Organizers of the event have posted on their Facebook page that the city needs to care more for its businesses and also needs a City Council that cares for its businesses. Reyes said that assertion was unfair.

Reyes said the city has been working with the city's existing business trying to provide as much support to them as they can, with such actions as helping restaurants to offer outdoor dining. He added even one business has been added to the Porterville Plaza.


Porterville Chamber of Commerce CEO Jessica Brackeen said the chamber is ready to approach the City Council with its plan to provide Pop-Up Drive-In Movies at the Porterville Plaza. She said the screen for Pop-Up Drive In Movies the chamber has acquired should arrive in the next couple of weeks.

She said the chamber will partner with Galaxy 9 Theatre at the site in which Galaxy will furnish snacks for the event. She said all COVID-19 safety protocols will be followed during the event.

Brackeen said all the volunteers, including help from local high schools students, are in place for Pop-Up Drive-In Movies to be held. “We have a plan,” Brackeen said. “We're just hoping it could be approved.”

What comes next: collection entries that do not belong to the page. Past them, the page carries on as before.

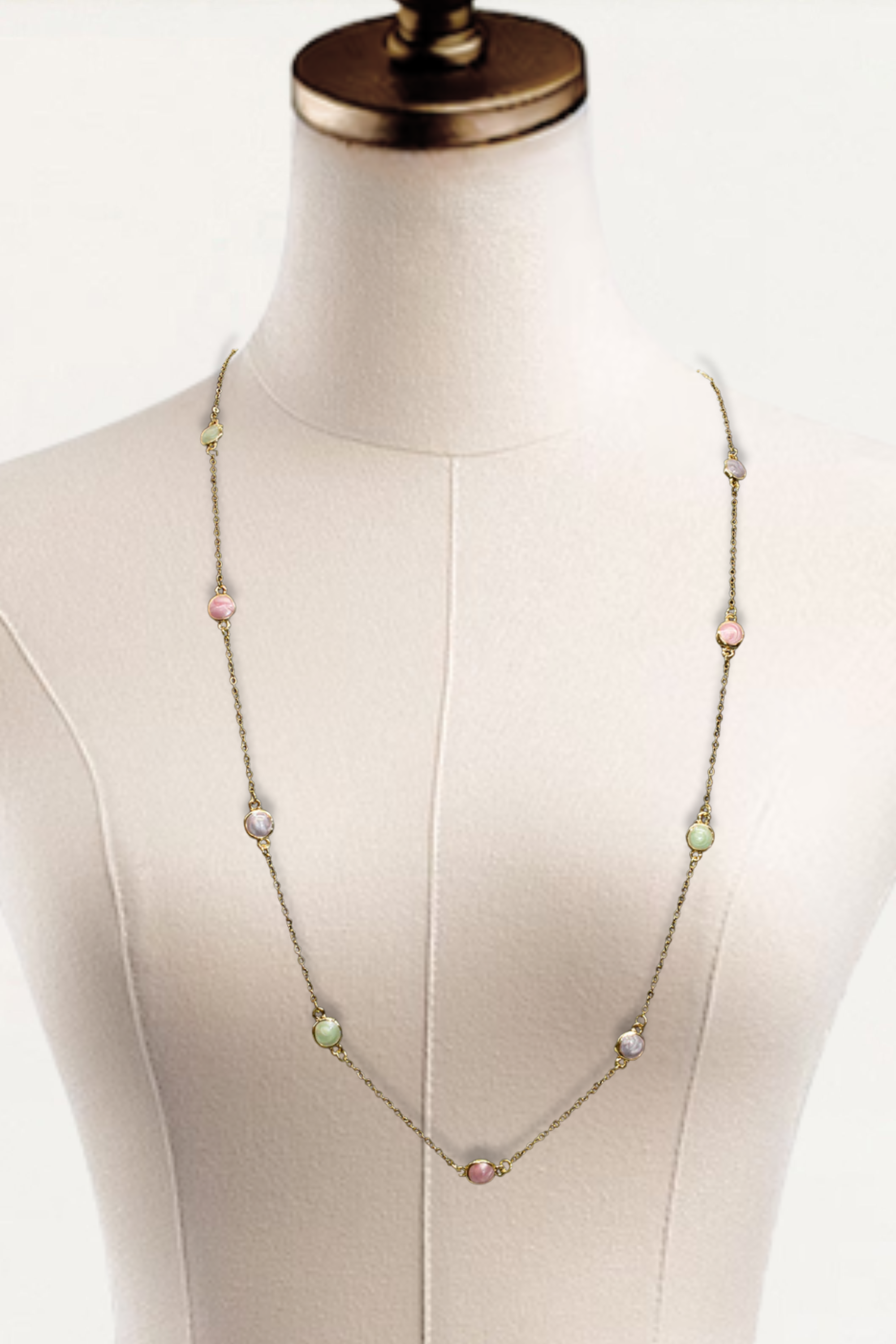 Delicate gold chain necklace accented with soft pastel stones. Light, elegant, and perfect for layering or wearing on its own.
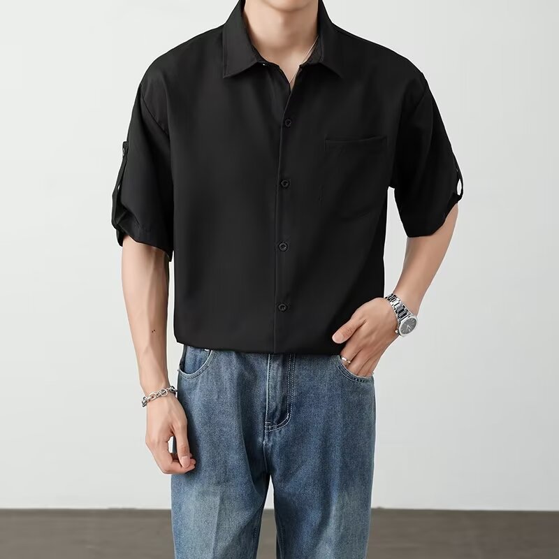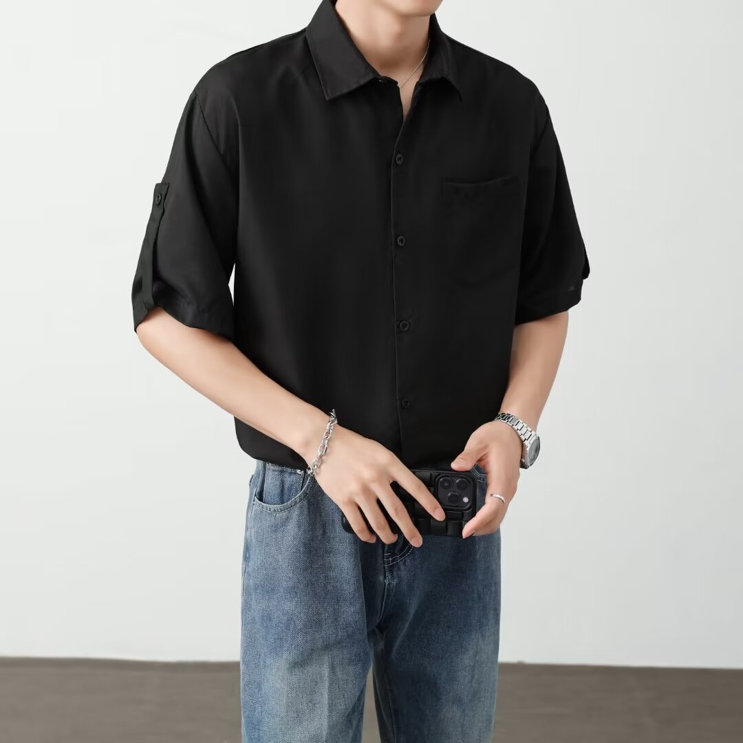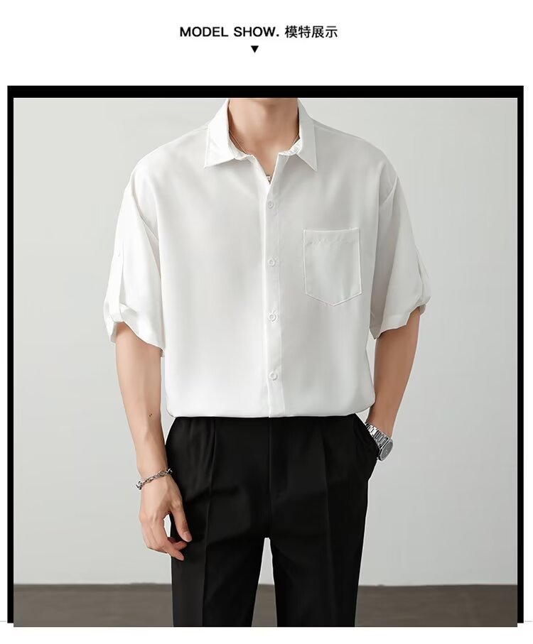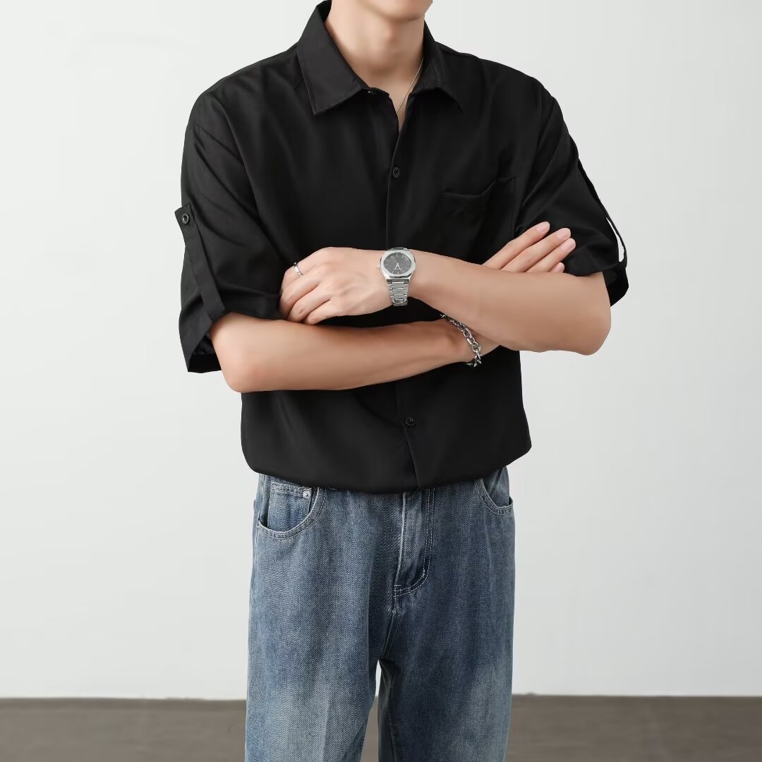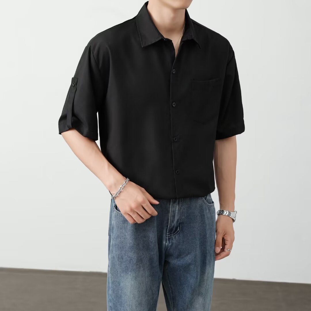 2024 레트로 셔츠 남자 여름 홍콩 스타일 학생 느슨한 틈새 디자인 감각 재미있는 새로운 남성 탑
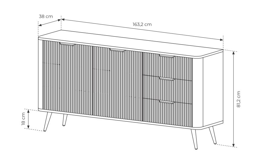 - wymiary: szerokość 163,2 cm / wysokość 81,2 cm / głębokość 38 cm,

The Chamber held a trunk n treat event at the Porterville Plaza last Halloween in conjunction with Galaxy. As far as the chamber applying to hold Pop-Up Drive-In movies at the site, Reyes said “it would be a similar process” as the one in which the trunk n treat event was approved by the city.

“It's not impossible to hold an event,” at the site, Reyes said. “It just has to meet certain requirements.”

Reyes noted in its trunk n treat event, the Chamber worked with law enforcement and it was a drive-thru event in which no one was allowed to leave their vehicles. He added the idea of the event was to hold something so there would be less children trick or treating.